Evidence submitted in the case showed seven coronavirus outbreaks related to places of worship in the Fraser Health region as of Jan. 15, 2021, infecting 59 people. Vancouver Coastal Health submitted 61 cases related to outbreaks at 25 places of worship from Sept. 15, 2020 to Jan. 15, 2021. There was one death associated to a November 2020 outbreak that infected 28 people.

Hinkson found Henry considered the impacts of her ban and consulted with the inter-faith community. Her orders are attempts to protect the vulnerable and maintain the integrity of the healthcare system.

“Her decision was made in the face of significant uncertainty and required highly specialized medical and scientific expertise,” Hinkson said. “Although the impacts of the gatherings and events orders on the religious petitioners’ rights are significant, the benefits to the objectives of the orders are even more so.
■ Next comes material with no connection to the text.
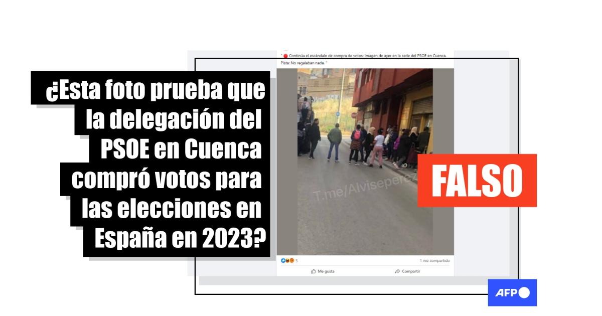“Continúa el escándalo de compra de votos: Imagen de ayer en la sede del PSOE en Cuenca. Pista: No regalaban nada”, dice un mensaje en Twitter compartido miles de veces y que adjunta una imagen de gente haciendo cola en la calle, enfrente de un local sin ningún rótulo identificativo.

In my view, the orders represent a reasonable and proportionate balance.”

Meanwhile, Alain Beaudoin of Dawson Creek had a partial victory, when Hinkson ruled that his rights were infringed. Beaudoin organized Kelowna protests against Henry’s orders over three days in December 2020 and was fined $2,300 by the RCMP.
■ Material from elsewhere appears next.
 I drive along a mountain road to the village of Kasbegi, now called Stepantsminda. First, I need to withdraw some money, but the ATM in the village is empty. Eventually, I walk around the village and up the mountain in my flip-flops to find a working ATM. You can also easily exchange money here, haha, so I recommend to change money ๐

After he filed the challenge, Henry amended her order Feb. 10, to allow outdoor protests, with the expectation that organizers will follow public health guidelines.

Hinkson found that Beaudoin’s free speech and assembly rights were infringed, but he did not throw out the ticket because it has not been adjudicated.

The constitutional challenge was backed by Alberta’s Justice Centre for Constitutional Freedoms, which hired Jaffe.

On Feb. 17, Hinkson denied Henry’s bid for an injunction that would have allowed RCMP officers to arrest pastors and parishioners at the three churches. Hinkson cited the B.C. government’s failure to prosecute anti-pipeline protesters in early 2020, despite clear evidence they blocked port entrances in defiance of a court order.

Said Hinkson in the Feb. 17 verdict: “If it were granted and not adhered to, would the administration of justice yet again be brought into disrepute because the B.C. Prosecution Service considers that it would not be in the public interest to prosecute those who refused to adhere to the orders sought from this Court?”